Troops Leaving Syria Will Be Assigned to Iraq, US Defense Chief Says


Troops Leaving Syria Will Be Assigned to Iraq, US Defense Chief Says

TEHRAN (Tasnim) – All of the roughly 1,000 US troops ordered to leave northeastern Syria will move to western Iraq, Defense Secretary Mark Esper said.

Speaking to reporters en route to the Middle East late Saturday night, the defense chief said the Pentagon had yet to work out exactly how it would conduct its campaign outside of Syria, according to the Wall Street Journal.

Among the issues to be addressed are how to conduct the US air mission, the role of allies and whether a small number of US troops could re-enter Syria to execute specific missions against the militant group, the defense chief said.

Esper said one reason for his weeklong trip to the Middle East and to North Atlantic Treaty Organization headquarters in Brussels was to iron out the specifics of the campaign against Daesh.

The Trump administration announced a full withdrawal of troops from northeastern Syria days after the Oct. 9 start of an incursion by Turkey along its southern border with Syria.
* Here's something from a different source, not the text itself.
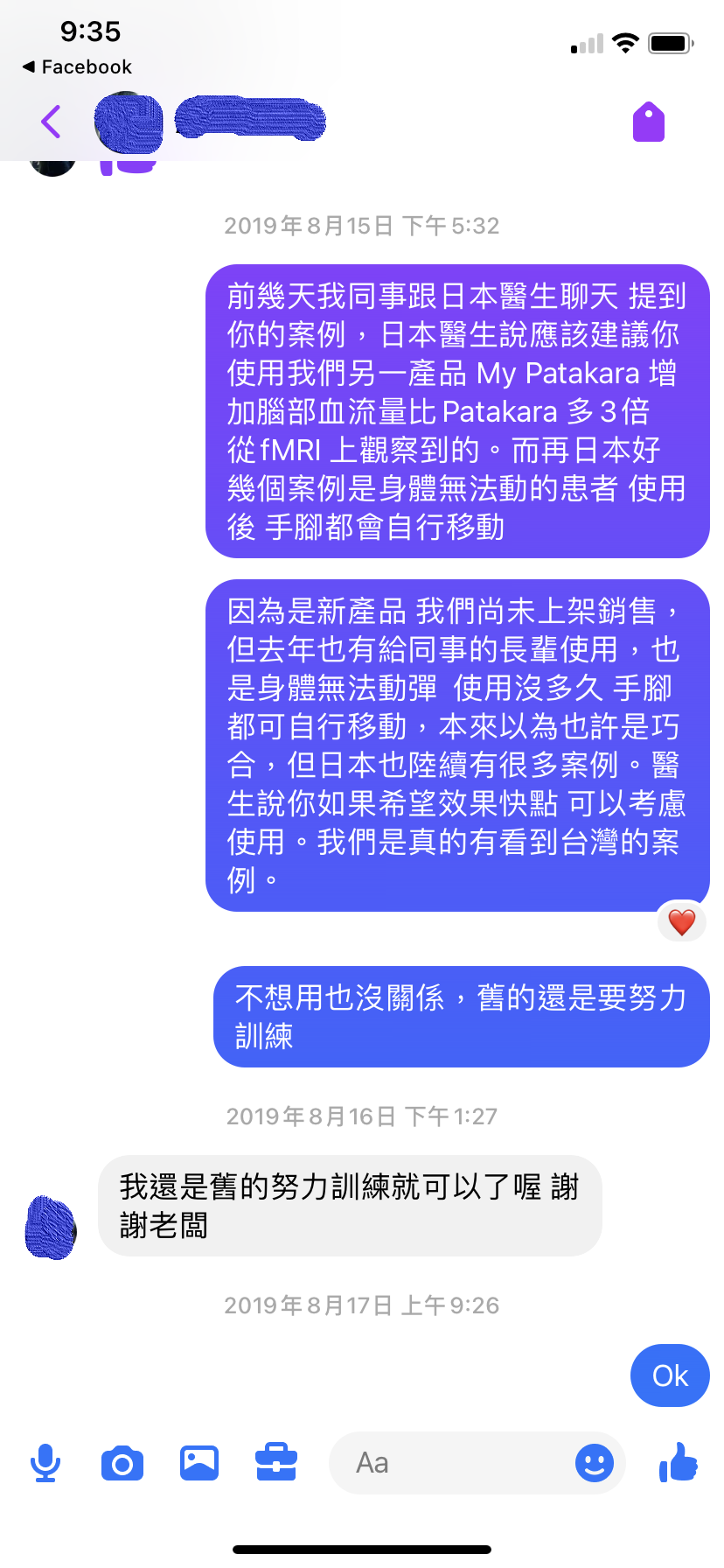 A few days ago, my colleague was chatting with a Japanese doctor and mentioned your case. The Japanese doctor said that he should advise you to use another of our products, My Patakara, increases brain blood flow 3 times more than Patakara, as observed on fMRI. There have been several cases in Japan where patients who were unable to move, could move their hands and feet on their own after using. Because it is a new product, we haven’t put it out for sale yet, but last year it was also used by the elders of colleagues, also the body cannot move, not long after using it, hands and feet can move on their own. I originally thought it might be a coincidence but there are many cases in Japan. The doctor said that if you want faster results, you can consider using it. We have really seen cases in Taiwan. It doesn’t matter if you don’t want to use it, you still need to train hard using the old one. I will just use the old one to train hard as before, thank you. Ok. |

Critics have said that Turkey launched its mission because officials believed Donald Trump greenlighted the move during an Oct. 6 phone call with his Turkish counterpart, Recep Tayyip Erdogan. Trump has said he didn’t give a go-ahead to the assault.

Esper said he would be meeting with allies on a key question: “What does the next phase of the counter-ISIS campaign look like?” he said, using an acronym for the terror group. He said the US hopes to continue working with Kurdish forces.
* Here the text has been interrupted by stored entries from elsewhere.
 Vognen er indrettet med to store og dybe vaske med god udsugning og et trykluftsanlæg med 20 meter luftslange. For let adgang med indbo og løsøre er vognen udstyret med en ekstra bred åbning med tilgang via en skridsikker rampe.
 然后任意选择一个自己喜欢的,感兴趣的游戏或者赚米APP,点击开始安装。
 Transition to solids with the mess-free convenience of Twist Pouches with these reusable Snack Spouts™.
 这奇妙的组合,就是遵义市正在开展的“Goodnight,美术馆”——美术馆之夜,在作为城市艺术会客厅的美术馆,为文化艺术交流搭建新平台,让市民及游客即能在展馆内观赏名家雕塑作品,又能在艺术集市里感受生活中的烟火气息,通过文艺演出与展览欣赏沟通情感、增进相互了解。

The US troops moving to Iraq have so far been assigned to conduct the US counterterrorism mission against Daesh and “help defend Iraq,” he claimed.
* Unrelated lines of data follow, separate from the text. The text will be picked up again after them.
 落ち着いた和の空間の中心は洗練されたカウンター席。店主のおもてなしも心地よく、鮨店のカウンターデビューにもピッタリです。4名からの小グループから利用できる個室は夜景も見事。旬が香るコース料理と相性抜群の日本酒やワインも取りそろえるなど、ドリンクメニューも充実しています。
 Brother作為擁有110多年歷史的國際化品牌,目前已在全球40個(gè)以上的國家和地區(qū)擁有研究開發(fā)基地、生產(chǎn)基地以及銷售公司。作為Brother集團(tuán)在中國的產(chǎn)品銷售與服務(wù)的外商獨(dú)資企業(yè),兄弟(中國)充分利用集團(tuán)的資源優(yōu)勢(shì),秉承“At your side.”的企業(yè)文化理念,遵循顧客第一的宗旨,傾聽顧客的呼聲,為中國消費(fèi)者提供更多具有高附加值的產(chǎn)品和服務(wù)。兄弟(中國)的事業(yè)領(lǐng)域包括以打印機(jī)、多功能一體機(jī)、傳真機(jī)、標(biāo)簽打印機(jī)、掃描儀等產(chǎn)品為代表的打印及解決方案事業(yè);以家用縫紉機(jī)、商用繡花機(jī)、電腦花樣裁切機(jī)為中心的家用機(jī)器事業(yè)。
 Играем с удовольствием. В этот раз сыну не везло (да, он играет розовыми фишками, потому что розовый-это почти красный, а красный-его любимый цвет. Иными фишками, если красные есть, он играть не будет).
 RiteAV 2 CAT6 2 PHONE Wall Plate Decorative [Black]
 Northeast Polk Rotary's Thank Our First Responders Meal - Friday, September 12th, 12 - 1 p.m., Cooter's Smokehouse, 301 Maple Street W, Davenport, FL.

“That’s the game plan right now,” the US defense chief said.

Esper said he spoke to his Iraqi counterpart about the arrival of the troops. There were roughly 5,400 US troops already there before the US began leaving Syria a week ago.

US troops currently are leaving Syria via helicopters, planes and ground convoys, a process that would be completed within weeks, “not days,” Esper said. He didn’t say where precisely in western Iraq those troops would be based.